Herculano também destaca que no livro A nova revelação, Doyle cita Allan Kardec como uma figura de influência reduzida ao âmbito nacional do movimento espírita francês, porque, segundo Herculano, no movimento espírita, as coisas vão se definindo aos poucos, não se mostrando logo com a precisão necessária. “Somente quase trinta anos depois da morte de Conan Doyle é que a figura de Kardec vai se impondo também, nas suas verdadeiras dimensões, ao mundo anglo-saxão”. 

*Jornalista, colaboradora do Grupo Espírita Batuíra e do jornal Valor  Econômico.

Curiosidades

Por algum tempo, Conan Doyle foi um amigo do mágico Harry Houdini, que depois se tornaria um grande opositor do movimento moderno espiritualista da década de 1920. Embora Houdini tentasse provar que os médiuns da época faziam fraudes e truques de ilusionismo, Conan Doyle estava convencido de que o próprio Houdini possuía mediunidade ativa.
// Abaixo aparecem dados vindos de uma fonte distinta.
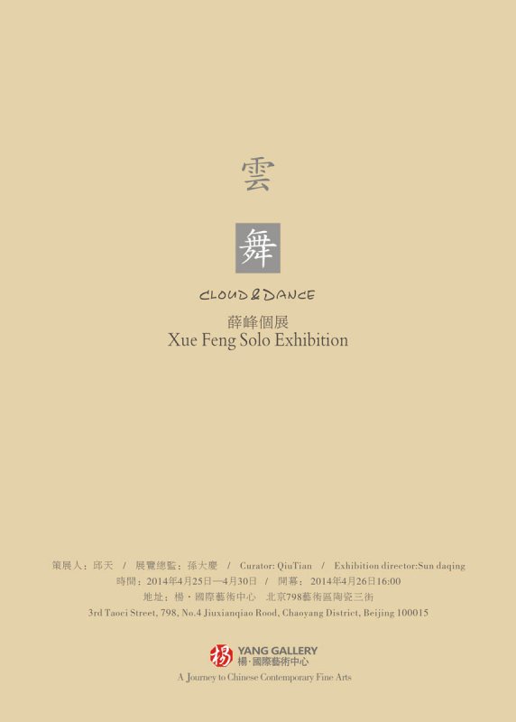 云舞--薛峰个展将在2014/04/25~2014/04/30杨.国际艺术中心举办。 在喧嚣与躁动的中国,人们习惯性的与拥堵、雾霾、突发事件和政治故事进行博弈、思考和共处,都把逃避挂在嘴上,但是这块神奇的热土一直以她无比的魅力深深地吸引着我们,谁也不可能真正的离开...

Aparentemente, Houdini não foi capaz de convencer Conan Doyle do seu ponto de vista e eles acabaram rompendo a amizade, segundo informa a Wikipedia.

Em novembro de 1891, Doyle escreveu para sua mãe: "Acho que vou assassinar Holmes… e lhe dar fim de uma vez por todas. Ele priva minha mente de coisas melhores." Sua mãe respondeu, dizendo: "Faça o que achar melhor, mas o público não aceitará essa atitude em silêncio. "Em dezembro de 1893, ele fez o que pretendia para dedicar mais tempo a obras que ele considerava mais importantes – os seus livros históricos. Mas a sua a manifestação de desagrado do público fez com que o escritor trouxesse o personagem de volta.